Gardner’s status as the most prominent and influential secretary of state in the country could collapse on Wednesday, when the New Hampshire state House and Senate jointly convene to vote on constitutional officers
State House Democrats, who won back control of the chamber in the November midterm elections, voted overwhelmingly in a non-binding straw poll last month to support Gardner’s challenger, Colin Van Ostern, the party’s 2016 gubernatorial nominee. Gardner’s survival now rests in the hands of Republican legislators and a faction of longtime Democratic officeholders who could remain loyal to Gardner in the secret ballot.
The New Hampshire secretary of state’s portfolio includes administration of the state’s vital and corporate records and securities regulation. But the office’s occupant, uniquely empowered to set the date of the state’s presidential primary so that it falls before any other, has a crucial role in national politics.

Under Gardner, the state has successfully fought attempts by both national party committees and individual states to shake up the order of primaries.

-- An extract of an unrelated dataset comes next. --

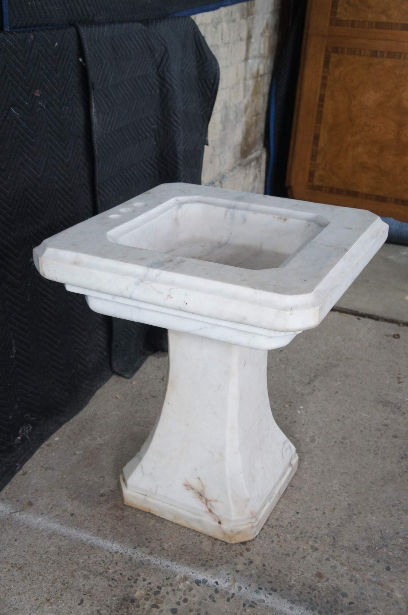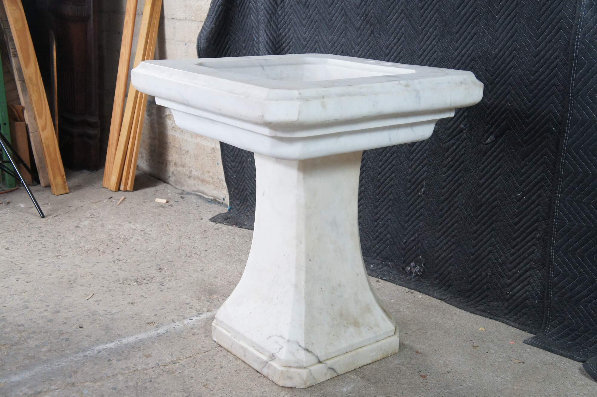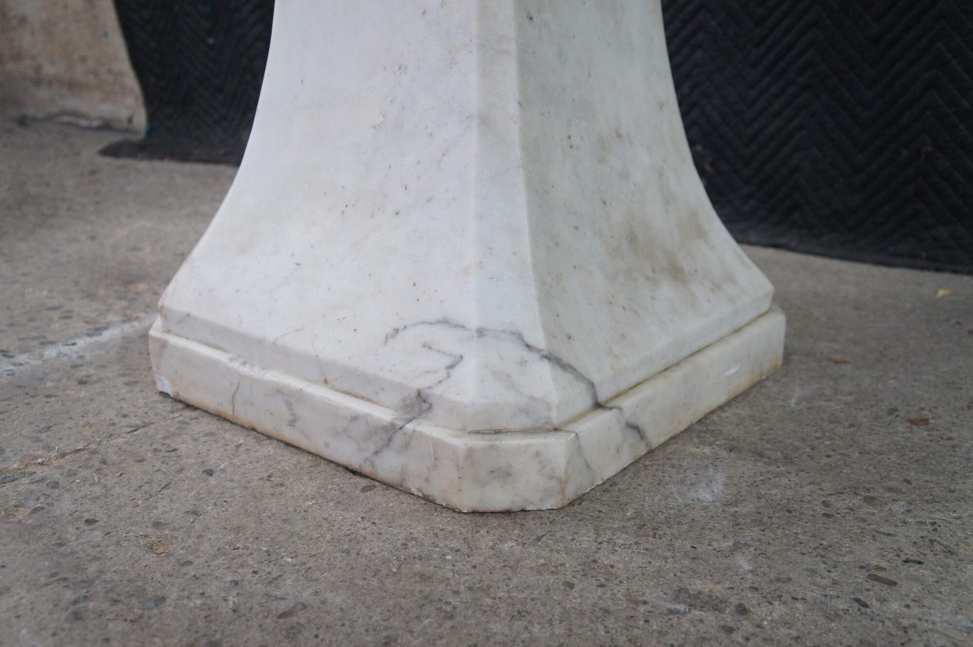 Monumental mid century Italian white Carrara marble bathroom sink. A tapered rectangular plith column supports a square form sink with a beveled and notched design.

Gardner has resisted the argument that New Hampshire is too small and not ethnically diverse enough to wield such great influence in winnowing the field of presidential candidates. And he points to New Hampshire’s long track record of high voter turnout and hyper-representative government — each member of the state House represents just more than 3,000 people, for instance.
Faced with a potentially career-ending vote, Gardner and his allies are mounting a furious last-minute campaign on his behalf, one that largely rests on his reputation as a nonpartisan broker and his evangelization of New Hampshire’s preeminent electoral role to argue he should remain in place.

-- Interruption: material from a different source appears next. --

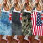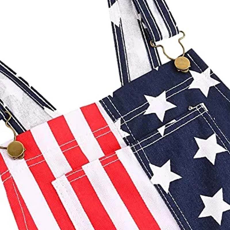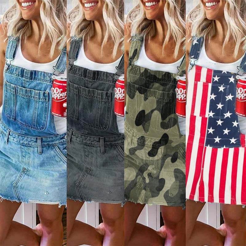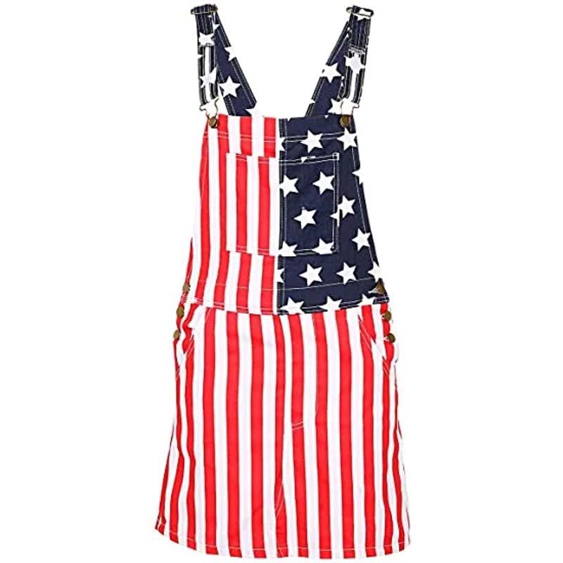 - Features: women’s denim bib overall dress, American Flag print/ blue / gray/ camel, USA Patriotic Denim bib shorts, overalls shorts, adjustable straps, big pockets.

In a New Hampshire Union Leader op-ed, Steve Duprey and Terry Shumaker, longtime Republican and Democratic National Committee members, argued that Gardner’s nonpartisan reputation has been an essential ingredient in helping build trust among other states to preserve New Hampshire’s position — one that Van Ostern, who hasn’t ruled out running for political office again, might imperil.
“The key to (Gardner’s) success has been that he was not a partisan Democrat or Republican with political ambitions, but a dedicated public servant who is fully trusted by both parties to do the right thing without concern for his own political future or that of any particular presidential candidate,” they wrote.

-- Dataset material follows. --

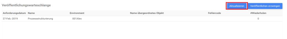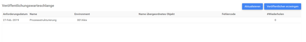 Die Publish Queue wird von Systemadministratoren verwendet, wenn viele Elemente gleichzeitig von einem oder mehreren Modeler-Benutzern veröffentlicht werden. Die Publish Queue wird auch von Systemadministratoren verwendet, wenn Modeler-Benutzer neue Versionen desselben Elements in schneller Folge veröffentlichen. Die in der Tabelle gefundenen Elemente sind die Elemente, die von Modeler-Benutzern zur Veröffentlichung auf der WebApp gesendet wurden. Da diese Aktion je nach Anzahl und Größe der Elemente einige Minuten dauern kann, kann der Sysem Admin die Liste Refresh und Force Publish neu erstellen.

Five former governors — four Republicans and one Democrat — also endorsed Gardner last week, praising him for presiding over state elections “with absolute independence and incorruptible motive.”
But many local Democrats disagree with that assessment, saying they’ve been frustrated for years over how Gardner had come to support Republican efforts to institute new voting restrictions, including a voter ID measure and a pair of laws that impose requirements on new voters to prove they lived in the jurisdiction where they want to vote. The latter, critics charge, was a GOP effort to curb voting by college students.
Van Ostern has also argued the office is long overdue for modernization, writing in the Union Leader Tuesday about frustration with a web site “that is often broken; of forms that sometimes just don’t make sense; and arbitrary procedures dictated from the top that often seem locked in the past.”
Gardner’s willingness to join Trump’s election commission was the last straw for many.
Criticism of that decision grew exponentially after the panel’s vice chairman, Kansas Republican Secretary of State Kris Kobach, penned an op-ed just days before a meeting in New Hampshire last year claiming Democrat Maggie Hassan’s narrow victory over Republican Sen. Kelly Ayotte in 2016 was “stolen through voter fraud.” The state’s Democratic congressional delegation issued rare public criticism of Gardner and called for him to resign from the panel.
Instead, Gardner used the commission meeting to respond publicly to Kobach. He huddled with long-serving advisors, who emphasized the need for a strong stand. Kobach would leave New Hampshire that day, one noted, but Gardner would remain to live with the consequences.
Gardner proceeded to sternly, though in his understated style, push back on Kobach, standing by the outcome of the Senate contest.
Maine Democratic Secretary of State Matt Dunlap, another member of the commission, defended Gardner, saying it was important for Democrats to serve on the commission to ensure the party had a voice in the process. Dunlap would eventually file a suit against the commission, which contributed to its disbanding.